In this week's print edition, LA Weekly presents an introduction to singer and guitarist Sunny War, who maybe you've seen busking at Venice Beach or at the Sunday morning Hollywood Farmer's Market. War, who draws on country blues and folk music to create her uniquely American sound, is young, is smart, also plays in a Smell band called the Anus Kings, and just signed both a publishing deal and a sponsorship deal. (Gotta love LA).
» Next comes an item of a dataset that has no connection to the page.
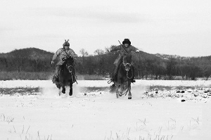 進(jìn)山狩獵的準(zhǔn)備活動從凌晨就開始進(jìn)行了,繩、皮套和馬腿上的裹布都要弄好,政府下發(fā)的獵槍也要擦得錚亮,黎明前,還要給馬喂一桶溫?zé)岬亩癸炈|方現(xiàn)出魚肚白不久,一抹紅霞染紅了白樺林,獵人騎著馬,馱著睡袋出發(fā)了。作為獵手,張林江出了村依然先往東走,那里是祖先指引的方向,還有山神白洽娜在等待。風(fēng),刮起樹上和地上的白雪,興安嶺一片蒼茫。
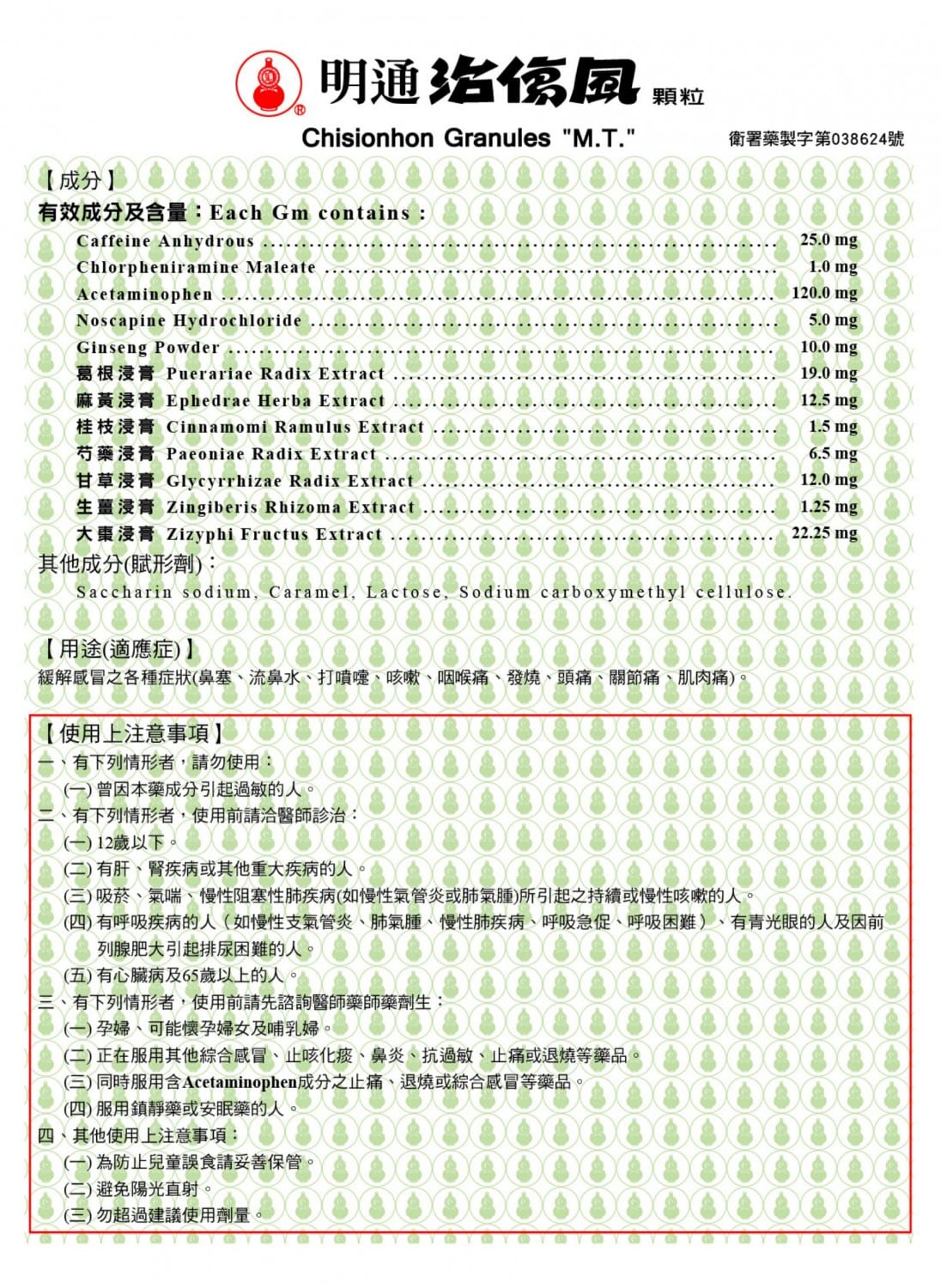 緩解感冒之各種症狀(鼻塞、流鼻水、打噴嚏、咳嗽、咽喉痛、發燒、頭痛、關節痛、肌肉痛)。

Writer Michael Simmons, who profiled her for this week's paper, wrote this of her guitar style in discussing the video below:

She's harnessing her own arrangement of the traditional song “Deep River Blues” in a claw-hammer style: Her right thumb plunks the bass part while her forefinger upstrokes notes and chords, leaving the other three fingers unused. A banjo technique, it's also used by acoustic blues guitarists. Her fingers are long and strong — Robert Johnson hands — in jarring contrast to the waif they're attached to. The walking bass line sounds like a hammer striking piano keys in perfect meter, while the fills are dynamic flurries — like cluster bombs. I haven't heard a young guitarist this dexterous and ass-kicking in eons.

War says this of the magnetic draw of country blues: “It has soul. Everything from the past is better than it is now. Our way of life was more honest. We were more connected to God, to the Earth and to each other. People use to actually play instruments; now it's all computer stuff. I like the idea of not having a TV, cooking, drinking and playing guitar with your friends. Old music sounds like utopia to me.”

Sunny War performs twice this week: On Monday, July 20 at The Talking Stick in Venice from 7:30-8 p.m., and on Thursday, July 23 at the Mint at 8 p.m.